The data warehouse is used for all analytical queries that require historical trending.
An example of such analytics activity would be for a stock warehouse where we will need to determine the best stock levels per product is, so that we can avoid the scenario where we have to write off stock that we cannot sell or lose customers to our competitors because we cannot sufficiently supply them the specified products.
7.3. Requirements Engineering
We only have time variant data from the moment we start processing data into the data warehouse. This means it is required from us to have a thorough upfront understanding of the business we are in, the particular needs of our organization as well as our unique value proposition to our customers and other business interaction. This will allow us to anticipate important future required needs to analyse certain business aspects, estimate sufficient data storage intervals, as well as keep associated storage and other resource constraints requirements in mind.
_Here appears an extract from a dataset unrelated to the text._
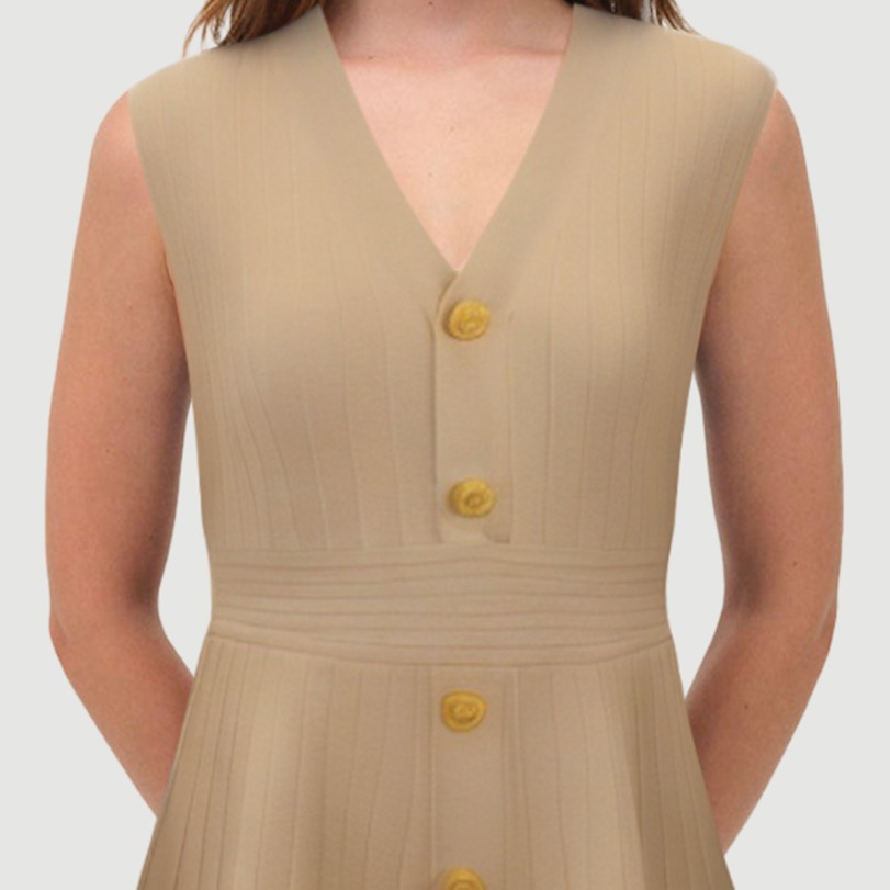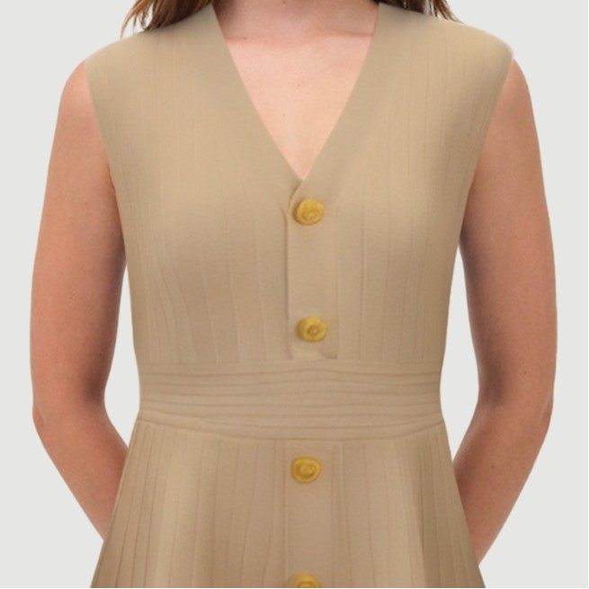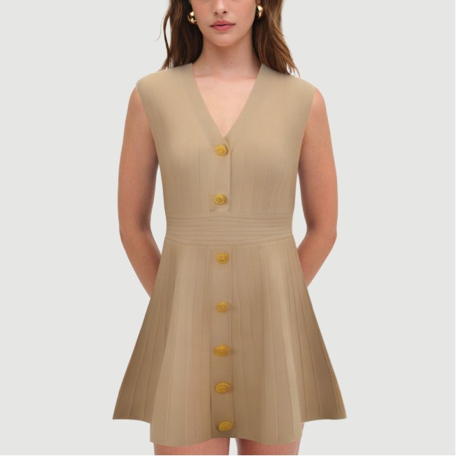 This French-inspired women’s knit skirt exudes a retro chic vibe with its simple yet sophisticated design. Crafted from high-quality polyester, it’s soft and breathable, offering a comfortable fit. The knit fabric, combined with dimensional cutting techniques, creates a naturally flattering fit, highlighting the woman’s curves.The V-neck and sleeveless design complement each other, cleverly elongating the neckline and creating a sharp, streamlined look. Perfect for spring or milder weather. The classic mini length adds a touch of playfulness and flirtation. Wear it alone or with a cardigan or trench coat for a variety of looks.The solid-color dyeing process creates a rich, even hue. The single-breasted front button embellishment enhances ease of entry and adds a touch of French elegance. Each skirt undergoes meticulous needle inspection before shipment to ensure quality assurance. The standard thickness allows for comfortable wear in most weather conditions, ensuring both practicality and style.Care Instructions:Hand wash or machine wash on the gentle cycle recommended. Water temperature should not exceed 30°C/35°F. Do not bleach. Avoid prolonged soaking. Hang to dry out of direct sunlight. Iron at a maximum temperature of 110°C/150°F. Wash with like colors.

Most traditional analytical data systems contains summarized and aggregated data, which means that we can do the following type of analytics: [25] [5]
-
Descriptive analytics
- How have we been doing?
- What was the effect of some of the decisions we have been making?
-
Forecasting analytics
- Where will we be in the foreseeable future if we carry on doing what we have been doing?
This in turn means that we need to make large business impact decisions to be able to measure the resulting effect of any applied change [25] [5]. These big decisions of course come with big risks.
8. Big Data Business Intelligence
With the access to a large variety and volume of data in big data systems, it is possible to find general trends for individual type of items, like products, people, devices, etc. With this information, we can create models for typical behaviour of these items in different settings.
There are many examples of patterns in our daily lives: people are creatures of habit, machines behave in a certain fashion before they cease to work, rain falls during a certain time, etc.
By analyzing these patterns, we can build models that allow us do the following type of analytics [25] [5]:
- Descriptive: What have the individuals done thus far?
- Predictive: How will the individual act in this particular circumstance?
- Prescriptive: What do we need to do with the individual?
An example of a prediction models can be found in the customer retention where we need to predict which customers might leave. These models can be refined to only contact those customers that we can persuade to stay on and leave those that will cancel their contract because we are contacting them [25].
With big data analytics, the focus is to take all the relevant information we have obtained and link it to as much external data as possible. External data includes map, calendar and weather data. This means that we not only have big data, but also now big permutations of data [26].
8.1. Experimentation
We can apply the models in small iterative approaches where we build models that are used in operational systems to optimize performance. Once these models are in operation, we are able to measure the effect of the change. Thus, we are able run small controlled experiments in our live environment and measure the outcome. With this approach, we can allow the accumulative effect of many positive changes make a big impact. Example, we can measure the outcome of an advertisement, campaign, etc.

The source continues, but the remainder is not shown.